‘Admission,’ ‘The Gatekeepers’ Arrive on DVD, Blu-ray

Forrest Hartman

This week’s home video releases include a romantic comedy starring Tina Fey and Paul Rudd, an Oscar-nominated documentary and a science-fiction film about alien invaders.   



2 stars
Rated PG-13
Available on: DVD, Blu-ray, digital download and on demand


What’s a romantic comedy to do when it is neither romantic nor comedic? When that film is “Admission,” it plunges forward drunkenly, hoping to overcome its inadequacies with goodwill created by the cast.


Thankfully for director Paul Weitz (“American Pie,” “Little Fockers”) that cast contains Tina Fey, Paul Rudd and Lily Tomlin, a group that would make a line at the post office more appealing. Alas, these three are saddled with a Karen Croner screenplay that isn’t nearly as smart as they are. Therefore, “Admission” chugs along slowly, playing more like a drama than a lightweight romance. That would be fine if the material were good enough to support the weight. It isn’t.      


Fey plays Portia Nathan, star admissions officer at Princeton University, a school that is notoriously tough on its applicants. Rudd plays John Pressman, head of an experimental high school. Tomlin plays Portia’s mother, Susannah. The three meet after John convinces Portia to visit his school, largely because he wants to introduce her to Jeremiah (Nat Wolff), an unusually talented student.

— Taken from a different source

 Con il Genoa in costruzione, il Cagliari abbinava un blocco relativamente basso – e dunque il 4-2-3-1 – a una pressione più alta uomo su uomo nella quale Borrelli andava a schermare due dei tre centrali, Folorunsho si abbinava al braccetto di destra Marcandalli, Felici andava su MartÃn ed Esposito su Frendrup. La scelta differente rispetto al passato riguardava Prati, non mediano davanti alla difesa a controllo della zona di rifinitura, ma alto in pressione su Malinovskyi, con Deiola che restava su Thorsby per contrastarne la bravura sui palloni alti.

Although John is a dedicated teacher, the introduction extends beyond academic norms because he has reason to believe Portia gave Jeremiah up for adoption. Portia is startled by this revelation, but decides to invest in the boy’s future nonetheless. Of course, she also forms a connection with John.  

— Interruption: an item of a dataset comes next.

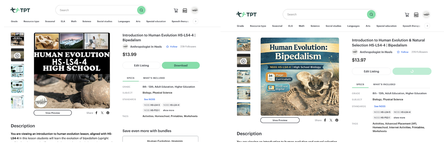 When you look at the image on the left, it’s immediately clear that it’s older and doesn’t stop the scroll—it blends in instead of standing out. The changes my AI model made are obvious when you compare it to the image on the right. The title is instantly readable at thumbnail size, the product identity is clear, and the value is communicated visually before a buyer reads a single word of the description. Rather than forcing the viewer to think or hunt for information, the pageview answers key questions right away: what the resource is, who it’s for, what’s included, and why it’s worth clicking. The visual hierarchy guides the eye naturally, the icons support fast scanning, and the layout subtly directs attention toward the preview button—something the left image never accomplishes. This is the difference between a pageview that simply exists and one that actively converts. The AI didn’t make the design flashier; it made it clearer—and clarity is what turns views into sales.
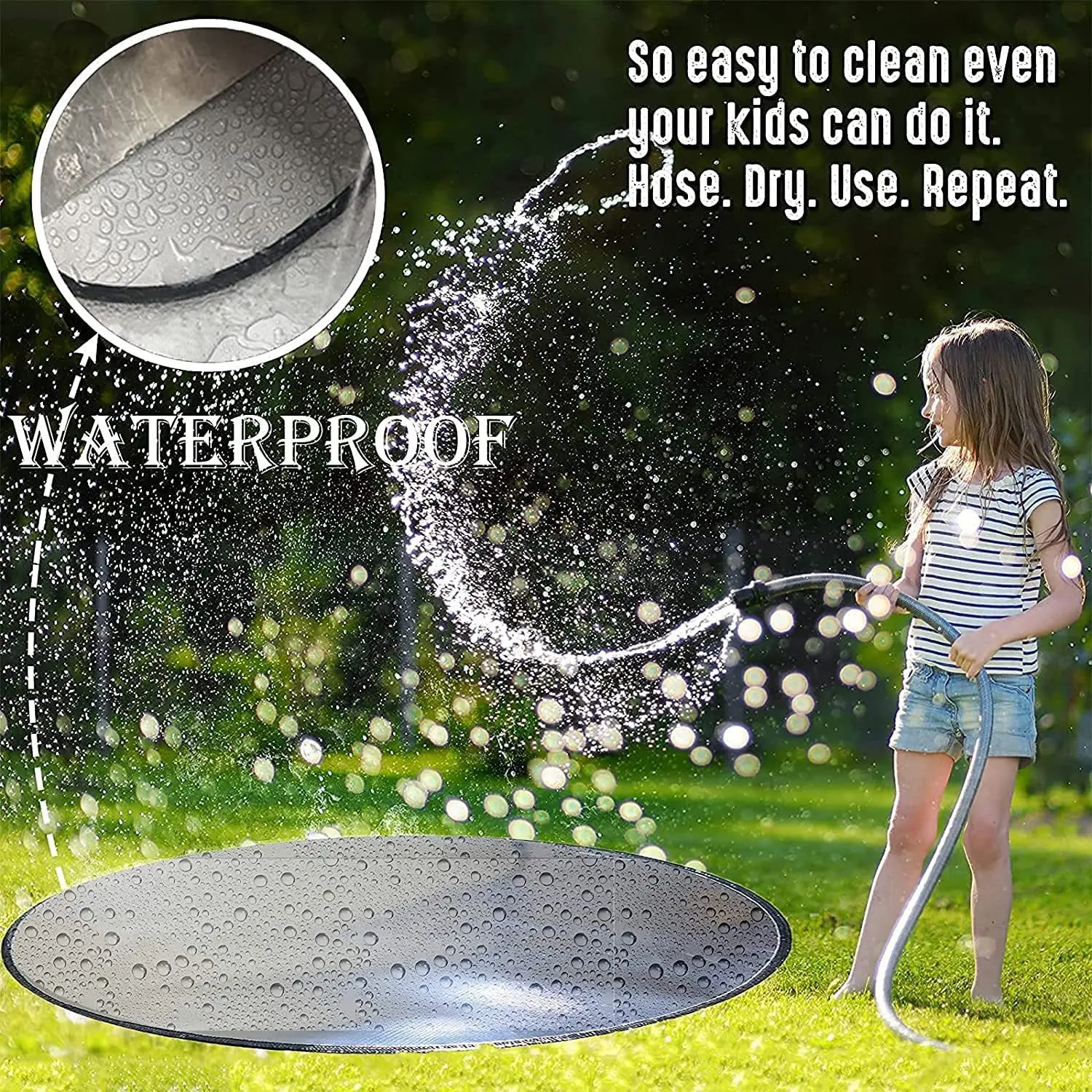Il tappetino rotondo sotto la griglia con rivestimento in silicone è ideale per proteggere il ponte o il patio da fuoriuscite di cibo, schizzi di grasso e macchie. Il tappeto da pavimento firepit da 36 pollici non si attacca o lascia segni sulla superficie del ponte e sull’erba. Assicurati che ci sia almeno 8 ”di spazio tra la fonte di calore e il tappetino ignifugo.

The most interesting thing about “Admission” is that Croner and Weitz spend a good amount of time looking at the college application process. Higher education is supposed to be an exciting journey, but the admission process has become ridiculously competitive and stressful. It’s nice to see a comedy address this fact. Trouble is, “Admission” doesn’t do it well.


If the screenplay were littered with solid gags, the heavy stuff would be more appealing. If Portia acted more like an actual college employee and less like a movie character, “Admission” would have heart. If the romance were better established, the project would be more coherent. That’s a lot of “ifs” for a 107-minute movie. So many, it’s impossible to grant a recommendation.  

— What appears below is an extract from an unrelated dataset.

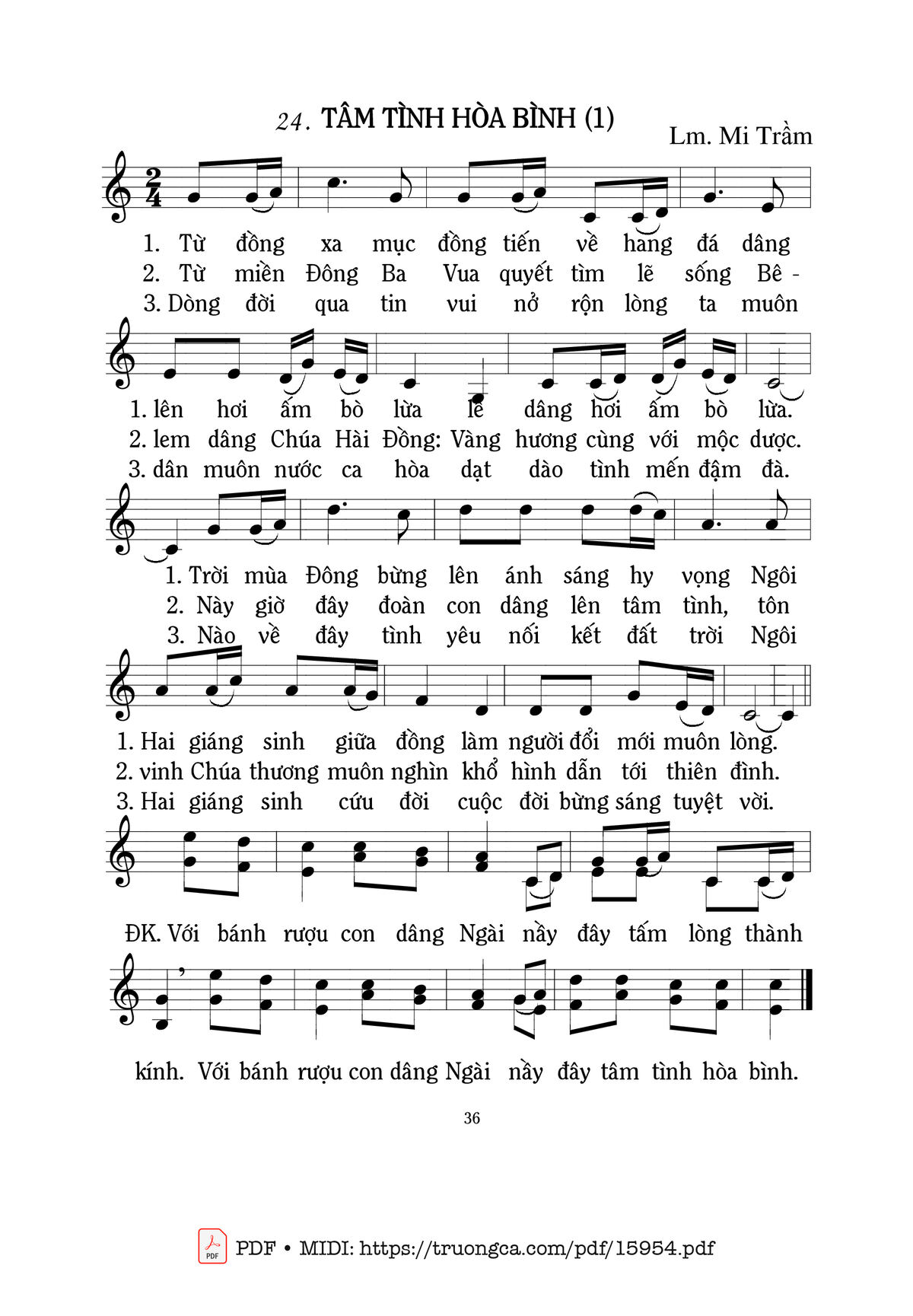 1. Từ đồng xa mục đồng tiến về hang đá dâng lên hơi ấm bò lừa lễ dâng hơi ấm bò lừa. Trời hừng đông bừng lên ánh sáng hy vọng, Ngôi Hai giáng sinh giữa đồng làm người đỗi mới muôn lòng.

DVD and Blu-ray extras are limited to a short, making-of feature.  



The Gatekeepers

3 stars
Rated PG-13
Available on: DVD, Blu-ray and on demand


Director Dror Moreh’s documentary about the Israeli Shin Bet was one of five films competing for best documentary at the most recent Academy Awards, and it will fascinate anyone who enjoys studying history and current events. The Shin Bet, Israel’s internal security agency, plays a major role in many of the nation’s political policies, and Moreh convinced six of the organization’s former leaders to go on the record. This is noteworthy not only because of what they say, but because this is the first time they’ve agreed to talk openly about their work.


Viewers who know Israeli history will find the project especially intriguing, but even those with only a moderate knowledge of world affairs should enjoy it. Moreh’s six interviewees drive the film, and they talk about everything from Shin Bet history to the morality of torture and political assassinations. The subject matter is enticing, and it’s easy to see similarities between Israel’s historic security problems and those we face in the U.S. today.  


Out of necessity, “The Gatekeepers” is centered on the ongoing Israeli-Palestinian conflict. Although one might expect the former Shin Bet directors to be militant hardliners, they come off as progressive. In fact, most seem to support the eventual creation of an independent Palestinian state. This does not mean, however, that all Israelis feel the same.


“The Gatekeepers” notes that some Israeli political groups will do anything to derail peace talks and that these organizations can be just as problematic as external terrorists. The film delivers a prime example with the 1995 assassination of former Israeli Prime Minister Yitzhak Rabin. He was shot and killed by an Israeli man who opposed Rabin’s peace talks with Palestinians.    


“The Gatekeepers,” presented almost entirely in Hebrew with English subtitles, does not attempt to solve Israel’s current security problems. Instead, it shines as both an excellent history lesson and a remarkably in-depth look at one of the world’s most important covert agencies. 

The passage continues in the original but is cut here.